--- DATA ---
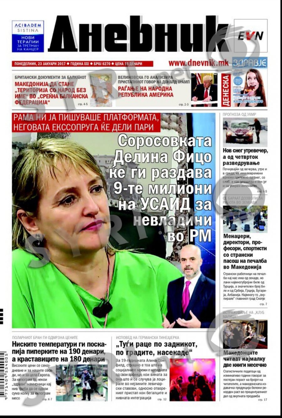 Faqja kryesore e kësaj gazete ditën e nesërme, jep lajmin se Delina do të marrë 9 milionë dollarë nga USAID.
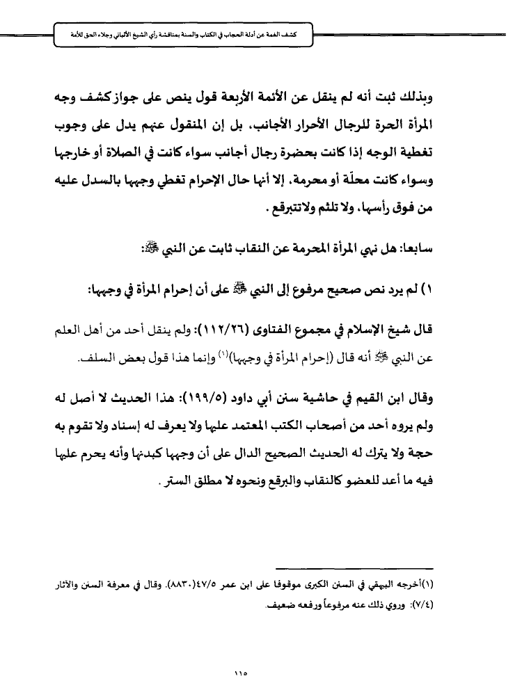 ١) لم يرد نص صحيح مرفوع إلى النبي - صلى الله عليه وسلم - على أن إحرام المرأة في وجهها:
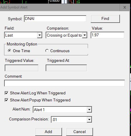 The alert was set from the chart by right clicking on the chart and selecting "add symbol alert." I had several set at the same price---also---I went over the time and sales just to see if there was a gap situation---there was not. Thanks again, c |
---
YOUR INSTRUCTIONS: Only the lines from the one with "١) لم يرد نص" to the last line of the listing, inclusive, are to be set down, exactly as they stand and without pictures.

SOLUTION TO THE EXERCISE:
 ١) لم يرد نص صحيح مرفوع إلى النبي - صلى الله عليه وسلم - على أن إحرام المرأة في وجهها:
 The alert was set from the chart by right clicking on the chart and selecting "add symbol alert." I had several set at the same price---also---I went over the time and sales just to see if there was a gap situation---there was not. Thanks again, c |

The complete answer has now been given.